• _Exercise materials_
---
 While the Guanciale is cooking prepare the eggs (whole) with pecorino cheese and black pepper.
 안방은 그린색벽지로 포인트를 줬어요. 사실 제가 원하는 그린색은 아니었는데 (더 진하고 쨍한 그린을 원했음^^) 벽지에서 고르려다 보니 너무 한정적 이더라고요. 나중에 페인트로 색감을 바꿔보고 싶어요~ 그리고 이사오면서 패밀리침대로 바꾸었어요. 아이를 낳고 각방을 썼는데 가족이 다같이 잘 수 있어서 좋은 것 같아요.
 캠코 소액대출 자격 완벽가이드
---
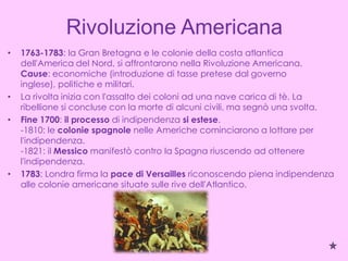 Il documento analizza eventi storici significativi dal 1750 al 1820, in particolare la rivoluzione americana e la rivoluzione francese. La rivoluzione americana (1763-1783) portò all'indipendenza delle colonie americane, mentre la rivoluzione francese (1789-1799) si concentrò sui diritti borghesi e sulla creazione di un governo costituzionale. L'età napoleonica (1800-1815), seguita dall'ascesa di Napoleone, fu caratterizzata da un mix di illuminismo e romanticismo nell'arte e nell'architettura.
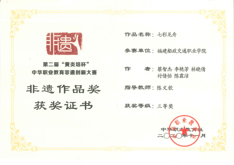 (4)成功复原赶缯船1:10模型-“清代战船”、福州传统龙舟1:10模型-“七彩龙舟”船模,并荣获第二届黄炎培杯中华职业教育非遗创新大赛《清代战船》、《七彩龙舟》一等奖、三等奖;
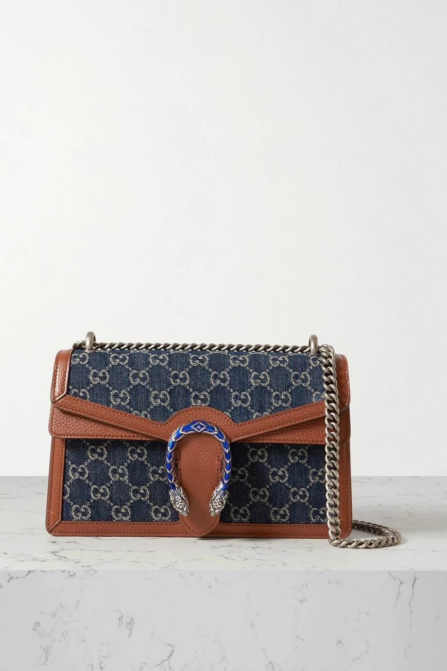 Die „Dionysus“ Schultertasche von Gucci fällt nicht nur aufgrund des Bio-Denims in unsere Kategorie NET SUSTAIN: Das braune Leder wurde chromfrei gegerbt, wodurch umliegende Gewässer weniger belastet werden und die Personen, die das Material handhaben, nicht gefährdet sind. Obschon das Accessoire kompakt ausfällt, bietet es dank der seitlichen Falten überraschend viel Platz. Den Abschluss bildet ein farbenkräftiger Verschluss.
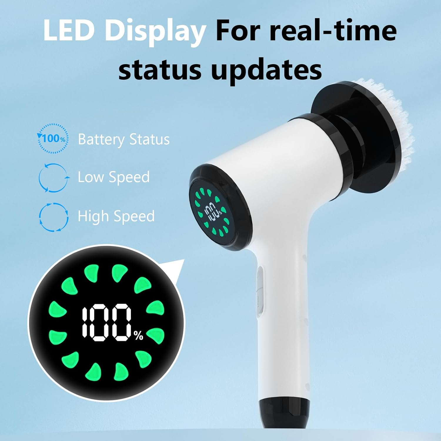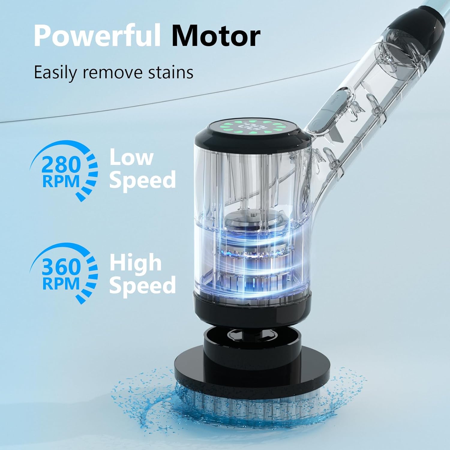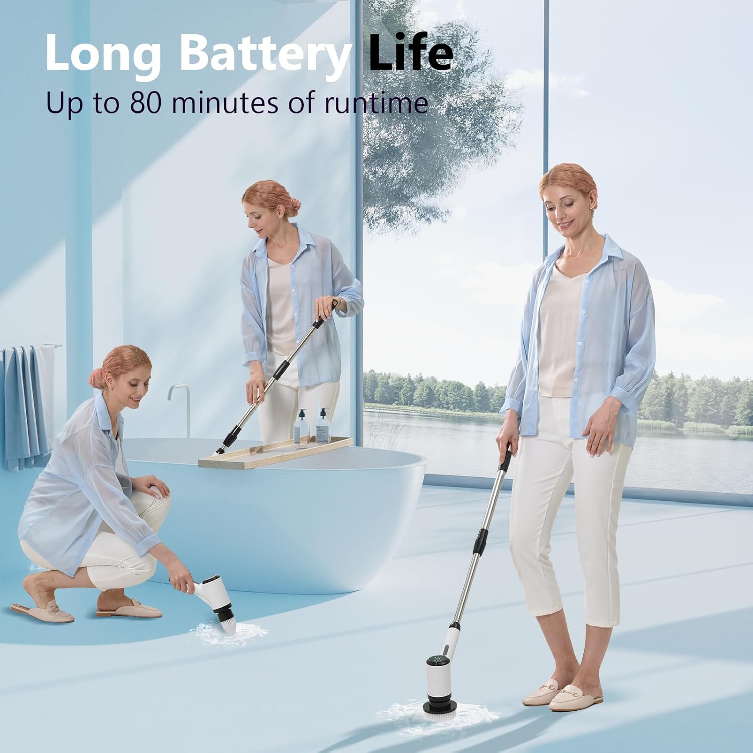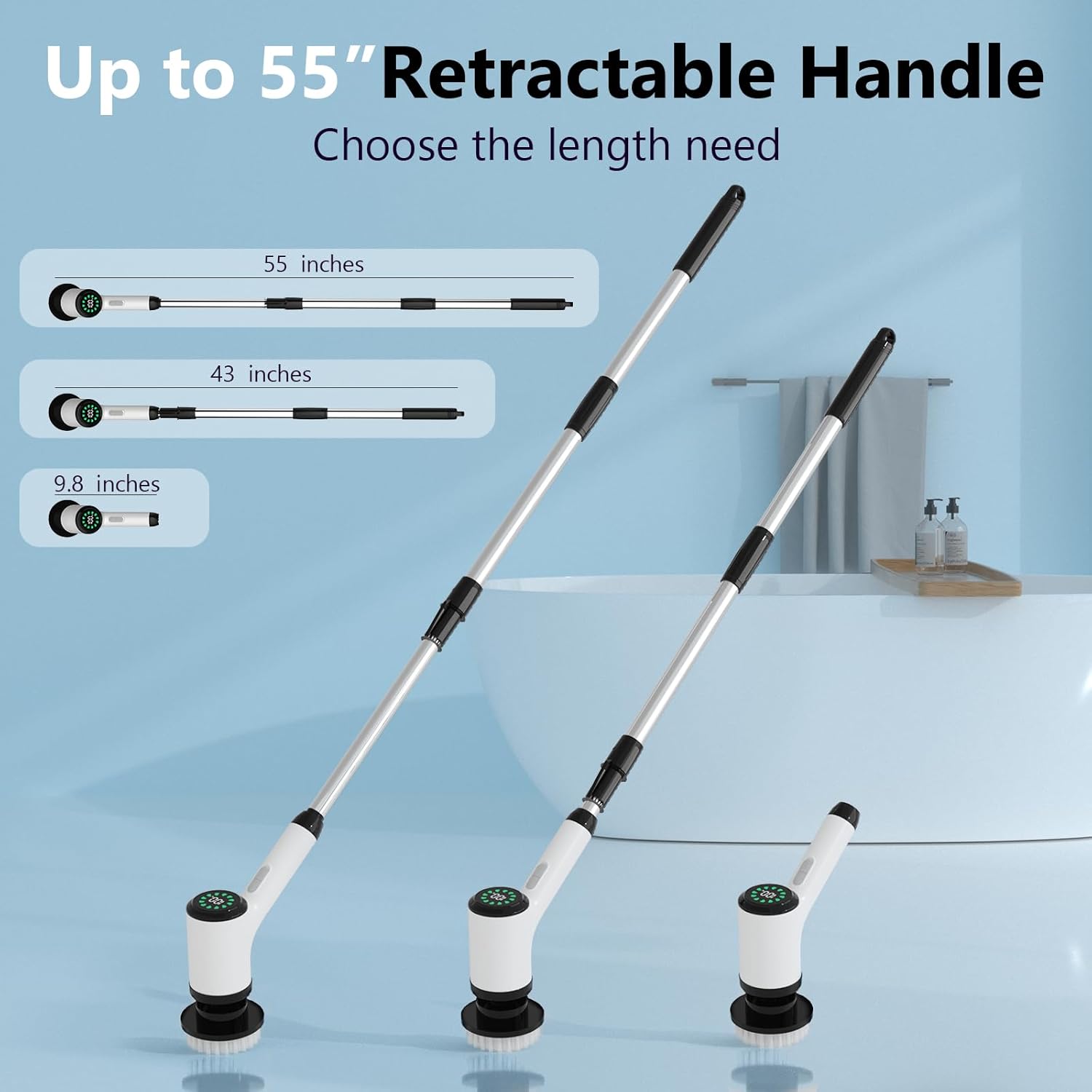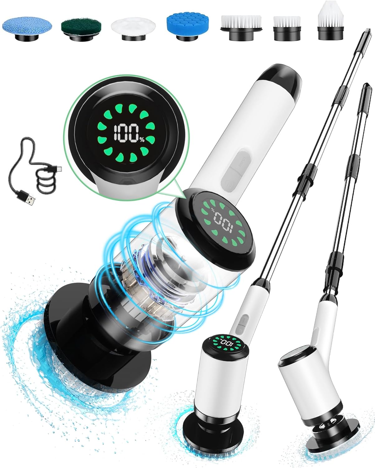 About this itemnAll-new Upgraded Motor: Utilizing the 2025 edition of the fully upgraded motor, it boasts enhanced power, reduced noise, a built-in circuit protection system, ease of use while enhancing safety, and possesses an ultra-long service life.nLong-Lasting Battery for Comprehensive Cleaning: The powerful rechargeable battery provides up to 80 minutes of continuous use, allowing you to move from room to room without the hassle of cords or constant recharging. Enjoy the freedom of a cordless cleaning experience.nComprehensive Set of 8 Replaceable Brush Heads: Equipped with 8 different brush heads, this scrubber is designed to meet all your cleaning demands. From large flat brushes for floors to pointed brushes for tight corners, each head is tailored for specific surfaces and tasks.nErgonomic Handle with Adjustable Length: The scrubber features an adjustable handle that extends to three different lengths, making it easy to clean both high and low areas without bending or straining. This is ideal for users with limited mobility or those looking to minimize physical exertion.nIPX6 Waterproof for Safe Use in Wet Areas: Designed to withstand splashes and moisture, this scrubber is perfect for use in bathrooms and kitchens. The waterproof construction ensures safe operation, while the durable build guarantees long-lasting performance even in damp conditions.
---
From the data above, reproduce word for word the lines running from the line with "While the Guanciale" to the line with "캠코 소액대출 자격 완벽가이드", ends included.

• _Answer to this problem_
 While the Guanciale is cooking prepare the eggs (whole) with pecorino cheese and black pepper.
 안방은 그린색벽지로 포인트를 줬어요. 사실 제가 원하는 그린색은 아니었는데 (더 진하고 쨍한 그린을 원했음^^) 벽지에서 고르려다 보니 너무 한정적 이더라고요. 나중에 페인트로 색감을 바꿔보고 싶어요~ 그리고 이사오면서 패밀리침대로 바꾸었어요. 아이를 낳고 각방을 썼는데 가족이 다같이 잘 수 있어서 좋은 것 같아요.
 캠코 소액대출 자격 완벽가이드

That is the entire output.